1. Consider v=0 (the 0 vector). Then for any nxn matrix A, Av = A0 = 0 = v.
2. Av=v and Aw=w => A(v+w)=Av+Aw=v+w=(v+w) thus the sum of any two fixed points is a fixed point. Furthermore, since v and w are distinct, then at most one of them is the 0 vector. Suppose v is the 0 vector, then w is not the 0 vector, so w+w=2w is also a fixed point and 2w≠w or v. So A has infinitely many fixed points.
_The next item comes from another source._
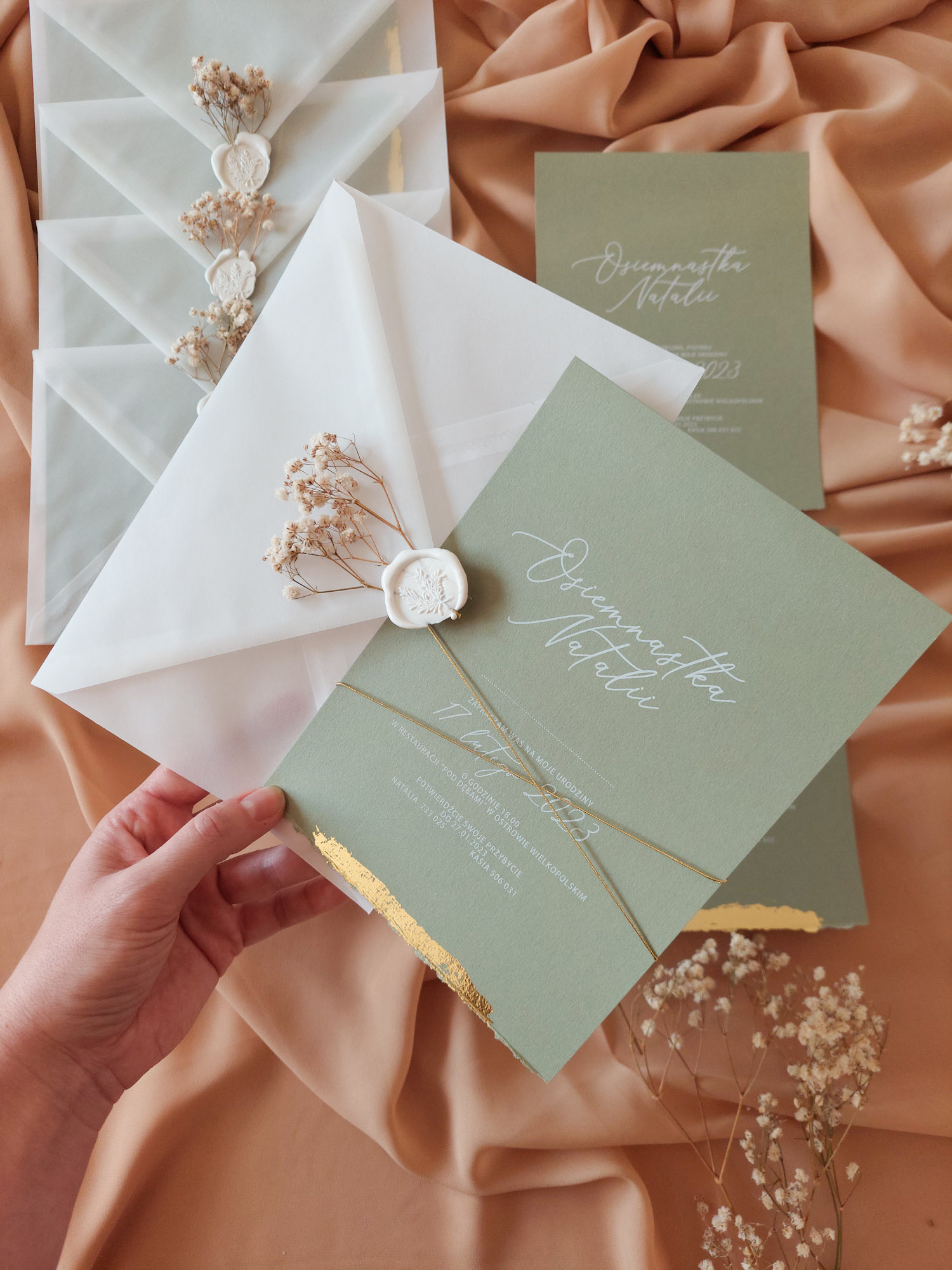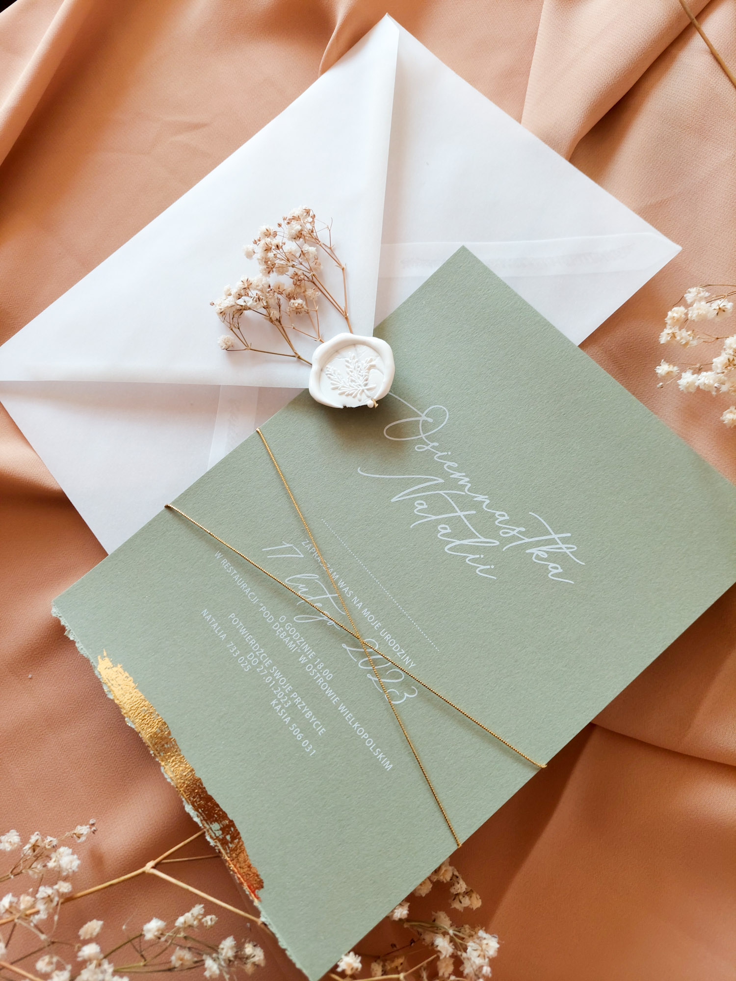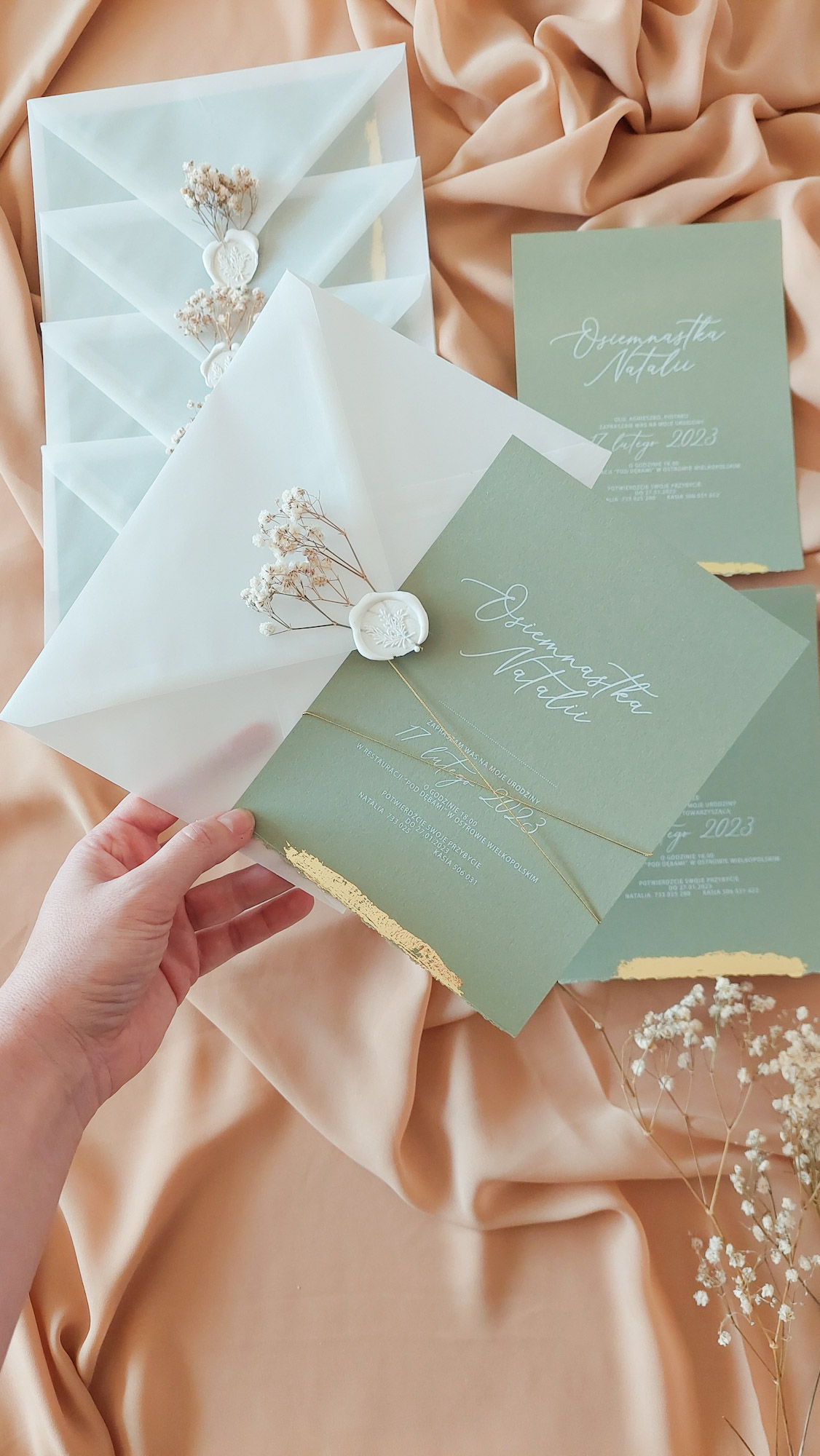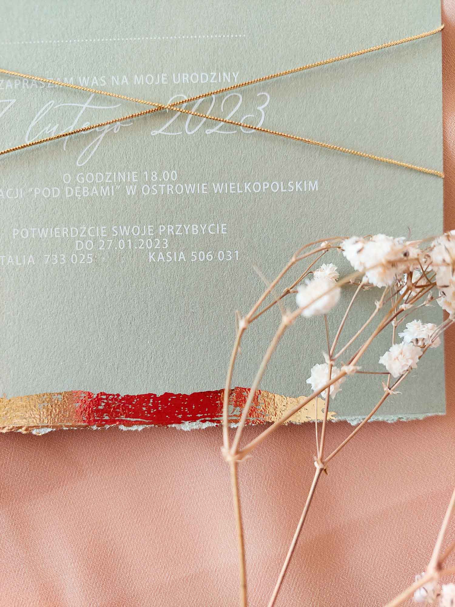 Zaproszenie składa się z jednej karty (duża w formacie A5 – jak zeszyt) o wymiarach 14×21 cm. Zaproszenie wydrukowane jest jednostronnie na wysokiej jakości papierze naturalnym o gramaturze 300 gram technologia białego druku. Kolor karty można zmienić. Tekst na karcie można dowolnie modyfikować i zmienić je w zaproszenie na ślub czy inną okazję. Dolny brzeg jest rwany z dodatkowym uszlachetnieniem metalicznej smugi (może być ona złota lub srebrna). Karta zaproszenia przewiązana jest ozdobnym sznureczkiem (jego kolor można zmienić). Zaproszenie zamknięte jest w kopercie półprzeźroczystej z bukiecikiem suszonej gipsówki i lakiem. Lak woskowy wykonujemy w tej sposób aby zaproszenie można było otwierać bez uszkodzenia (jest on przymocowany wyłącznie do górnej klapy zaproszenia).

3. If neither v nor w is a multiple of the other then it must be true that span{v,w} is all of R². Thus any vector x in R² can be written as linear combination of v and w: x = c₁v+c₂w where c₁ and c₂ are fixed real numbers. Therefore, for every x in R², Ax = A(c₁v+c₂w) = A(c₁v)+A(c₂w) = c₁(Av)+c₂(Aw) = c₁v+c₂w = x. Furthermore, since A is invertible, the following is also true: Ax = x => A^-1(Ax)=A^-1x => A^-1x= x. Thus, A has the exact properties of the Identity matrix on R², and since the Identity matrix is unique, A must equal the identity matrix.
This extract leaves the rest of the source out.